SOURCE MATERIAL:
--------------------
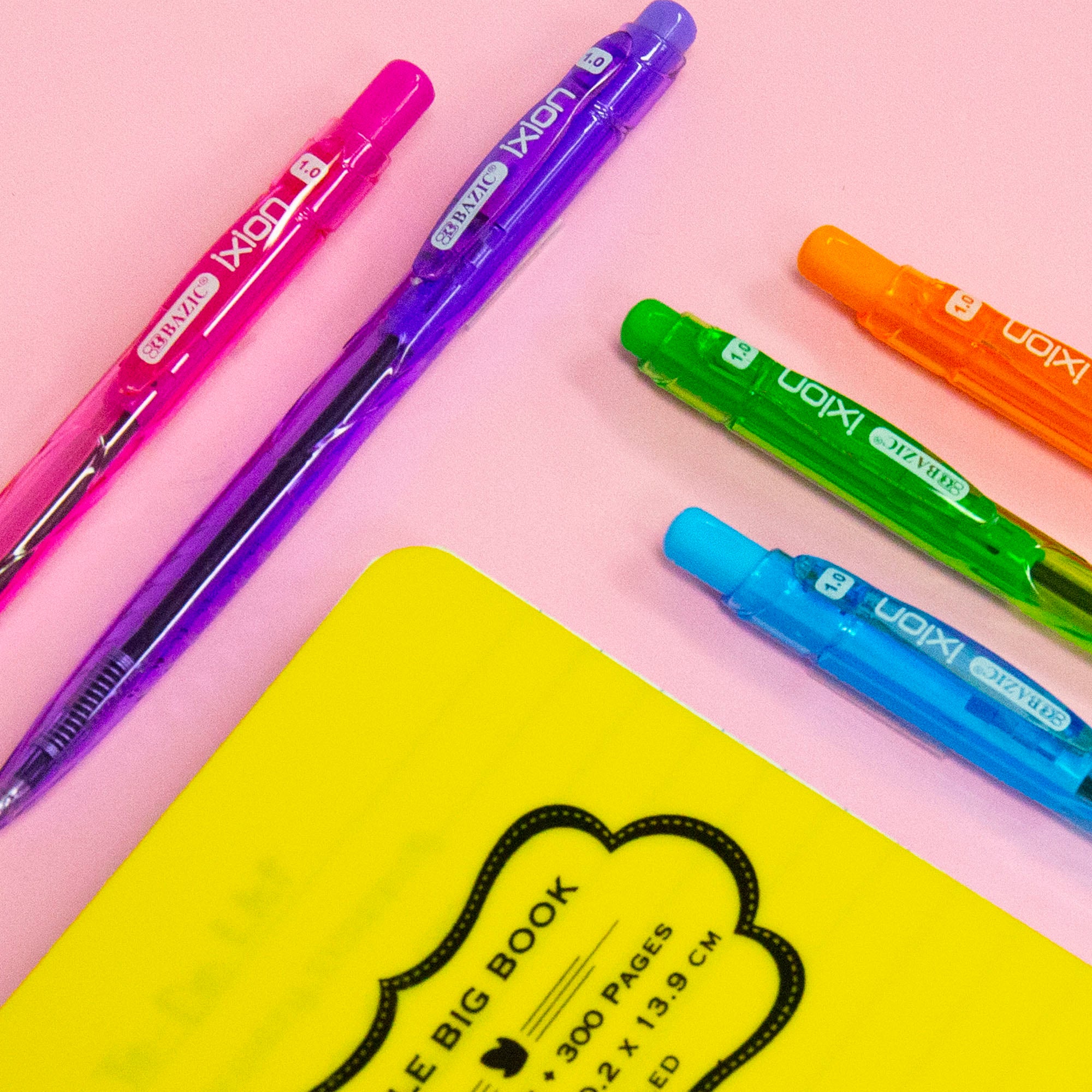 - IXION BLACK INK RETRACTABLE PEN. Each pack includes 5-Assorted Retractable Pens with Black Ink; Actual Colors May Vary! Bold point spreads ink evenly as you write, offering dependable performance.
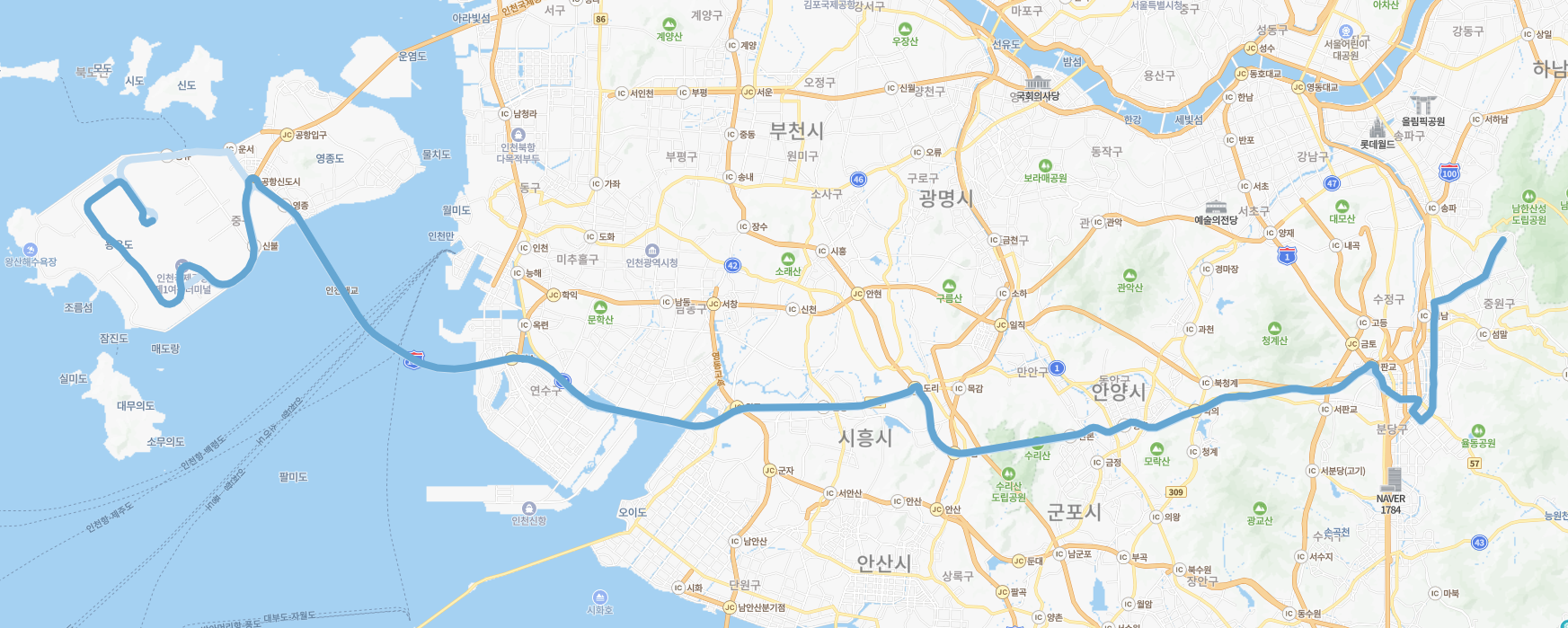 성남에서 인천공항까지 주요 정류장에서만 정차하고 나머지는 경유해서 지나갑니다.
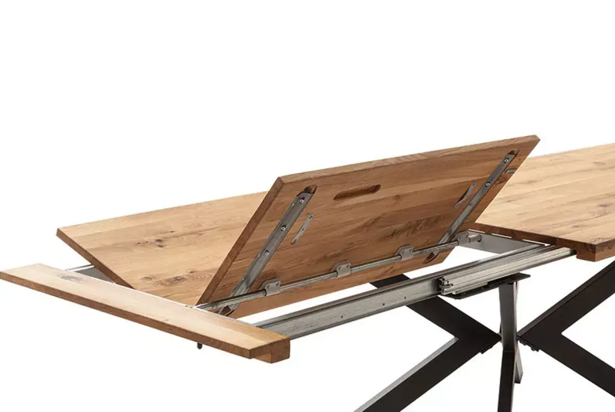 BARLETTA Auszugtisch 180 (280) cmDie authentische Schönheit der Wildeiche trifft auf die robuste Eleganz von Stahl in diesem modernen Esstisch. Mit seiner Kombination aus Holz und Metall verkörpert der Tisch eine zeitlose Ästhetik, die sowohl in klassische als auch in moderne Esszimmerumgebungen passt. Der Esstisch bietet nicht nur optische Vorzüge, sondern überzeugt auch mit seiner Funktionalität: Der praktische Synchronauszug ermöglicht ein müheloses Vergrößern der Tischfläche, sodass Sie jederzeit Platz für zusätzliche Gäste schaffen können.Der Tisch besticht durch eine geölte Oberfläche, die die natürliche Maserung der Wildeiche hervorhebt und für ein warmes und einladendes Ambiente sorgt. Das pulverbeschichtete Stahlgestell verleiht dem Tisch Stabilität und eine moderne Note. Das 4-Fußgestell bietet eine solide Basis und gewährleistet sicheren Stand.Ein weiterer Pluspunkt ist die FSC-Zertifizierung, die Ihnen die Gewissheit gibt, dass das Holz aus nachhaltig bewirtschafteten Wäldern stammt. Diese Eigenschaft macht den Tisch nicht nur zu einem ästhetischen, sondern auch zu einem verantwortungsbewussten Möbelstück. Entdecken Sie die Vielseitigkeit und den natürlichen Charme dieses Auszugtisches und gestalten Sie Ihr Esszimmer zu einem einladenden Treffpunkt für Familie und Freunde.
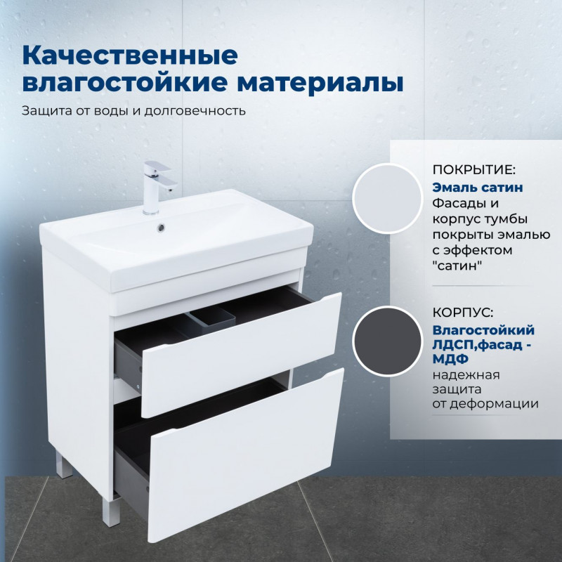 Корпус выполнен из влагостойкой ЛДСП с покрытием эмаль в цвете белый сатин. Фасады изготовлены из МДФ с таким же покрытием. Эмаль с эффектом "сатин" придаёт поверхности лёгкий благородный блеск. Такое покрытие устойчиво к загрязнениям и отпечаткам пальцев. Уход за фасадами не требует усилий.
--------------------
EXERCISE GOAL:
No pictures should appear in the copy, which holds exactly the lines from the first line of the data through the line with "성남에서 인천공항까지 주요 정류장에서만 정차하고 나머지는 경유해서 지나갑니다." and nothing else.

ANSWER SECTION:
 - IXION BLACK INK RETRACTABLE PEN. Each pack includes 5-Assorted Retractable Pens with Black Ink; Actual Colors May Vary! Bold point spreads ink evenly as you write, offering dependable performance.
 성남에서 인천공항까지 주요 정류장에서만 정차하고 나머지는 경유해서 지나갑니다.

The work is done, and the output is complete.